Your objective →
Set down the lines below, exactly, starting at the one that contains "Корпус и колба" and stopping at the last line, inclusive. Omit pictures.

Records from a data source:
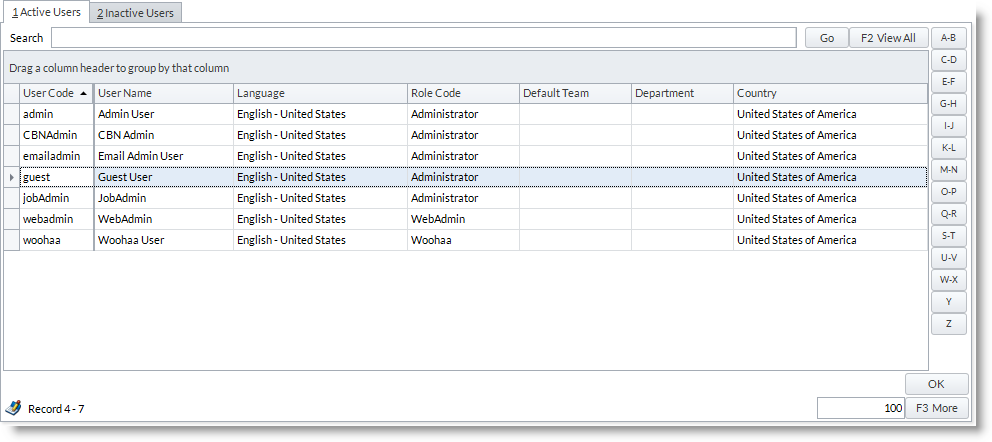 - The User Accounts list screen will be displayed.
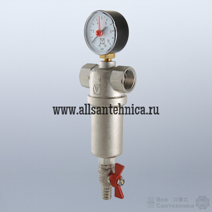 Корпус и колба фильтра выполнены из латуни марки CW617N (европейский стандарт EN 12165), никелированы. Предусмотрены дренажный шаровой кран со штуцером для подключения шланга и манометр для контроля уровня загрязненности сеток. Фильтр монтируется в вертикальном положении, колбой вниз. Резьба присоединений – внутренняя.
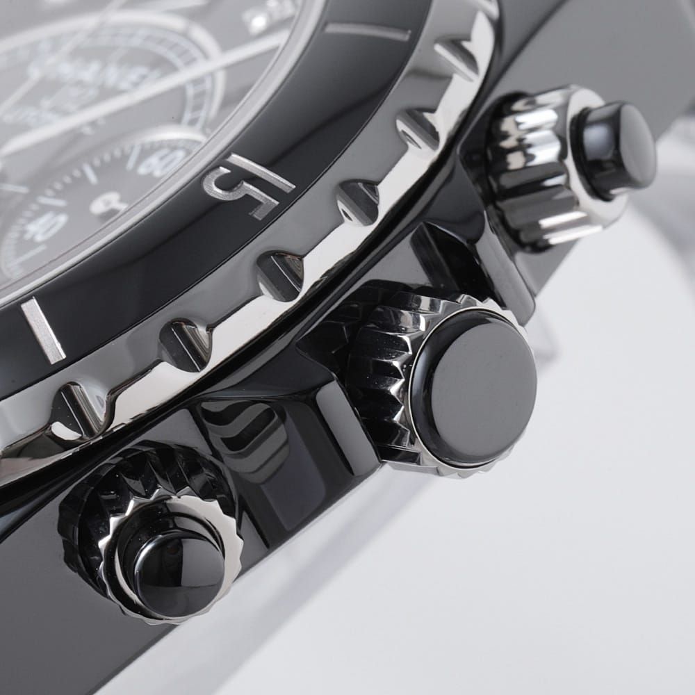 ■モデル情報:シャネル渾身の力作であり、2000年の発表から世界中で人気を博しているJ12コレクション。こちらはインデックスに9ポイントのダイヤをセットしたエレガントなモデルです。材質には高硬度という特性を持つセラミックを使用しているため、傷が付きにくく取り扱いが楽な時計でもあります。200mの防水設計がされており、マリンスポーツにも対応可能です。
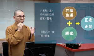 「正念、正知」可用於禪修方面也可以用到生活方面。如今天來聽講座,如何保持「正念、正知」?專心的聽。如果冷氣吹得太舒服了,而夢周公了,就沒有「正念、正知」了,也就是「失念」。
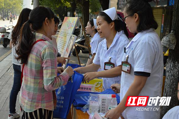 活动当天,接待群众咨询服务1000余人次,发放叶酸450盒、避孕套500盒;发放《出生缺陷防治核心信息20条》《产前筛查宣传资料》《湖南省妇幼重大公共卫生服务项目》《孕产妇日常保健知识手册》《健康教育宣传资料》《0-6儿童日常保健》《预防接种知识问答》等读本(折页)6000余本(份);发放印有“合理膳食·适量运动·戒烟限酒·心理平衡及家庭医生进万家·签约服务你我他”的蓝色环保手提袋1000个。
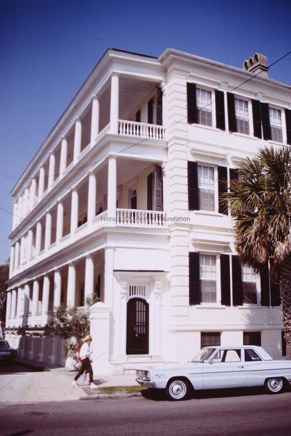 Color Kodachrome slide of the Somersall-Desaussure House (45 East Bay Street). Car parked in front of building.
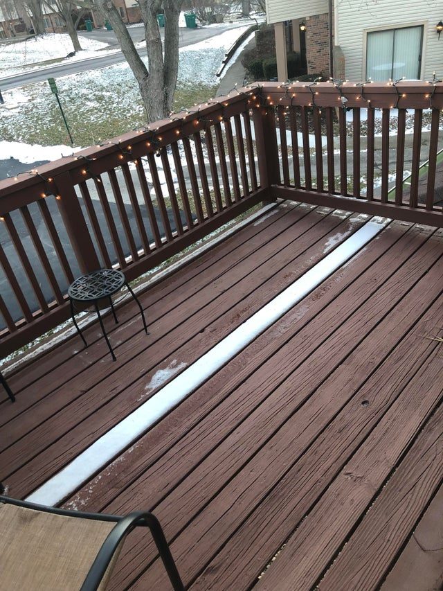 5. Необъяснимо но факт: снег на террасе не растаял только на одной доске
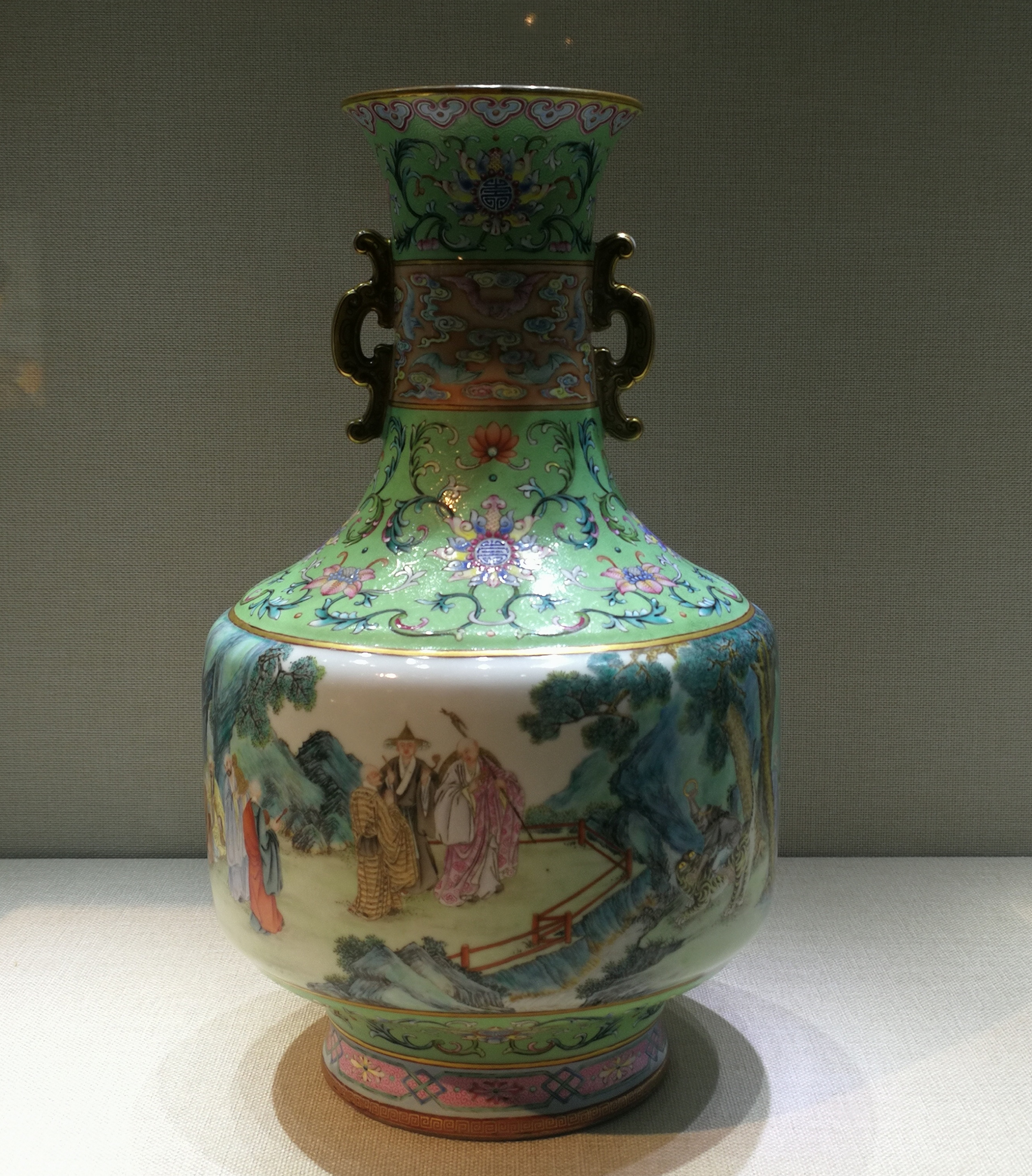 清乾隆洋彩绿地轧道洋花通景“十八罗汉”双耳瓶

Solution for this exercise →
 Корпус и колба фильтра выполнены из латуни марки CW617N (европейский стандарт EN 12165), никелированы. Предусмотрены дренажный шаровой кран со штуцером для подключения шланга и манометр для контроля уровня загрязненности сеток. Фильтр монтируется в вертикальном положении, колбой вниз. Резьба присоединений – внутренняя.
 ■モデル情報:シャネル渾身の力作であり、2000年の発表から世界中で人気を博しているJ12コレクション。こちらはインデックスに9ポイントのダイヤをセットしたエレガントなモデルです。材質には高硬度という特性を持つセラミックを使用しているため、傷が付きにくく取り扱いが楽な時計でもあります。200mの防水設計がされており、マリンスポーツにも対応可能です。
 「正念、正知」可用於禪修方面也可以用到生活方面。如今天來聽講座,如何保持「正念、正知」?專心的聽。如果冷氣吹得太舒服了,而夢周公了,就沒有「正念、正知」了,也就是「失念」。
 活动当天,接待群众咨询服务1000余人次,发放叶酸450盒、避孕套500盒;发放《出生缺陷防治核心信息20条》《产前筛查宣传资料》《湖南省妇幼重大公共卫生服务项目》《孕产妇日常保健知识手册》《健康教育宣传资料》《0-6儿童日常保健》《预防接种知识问答》等读本(折页)6000余本(份);发放印有“合理膳食·适量运动·戒烟限酒·心理平衡及家庭医生进万家·签约服务你我他”的蓝色环保手提袋1000个。
 Color Kodachrome slide of the Somersall-Desaussure House (45 East Bay Street). Car parked in front of building.
 5. Необъяснимо но факт: снег на террасе не растаял только на одной доске
 清乾隆洋彩绿地轧道洋花通景“十八罗汉”双耳瓶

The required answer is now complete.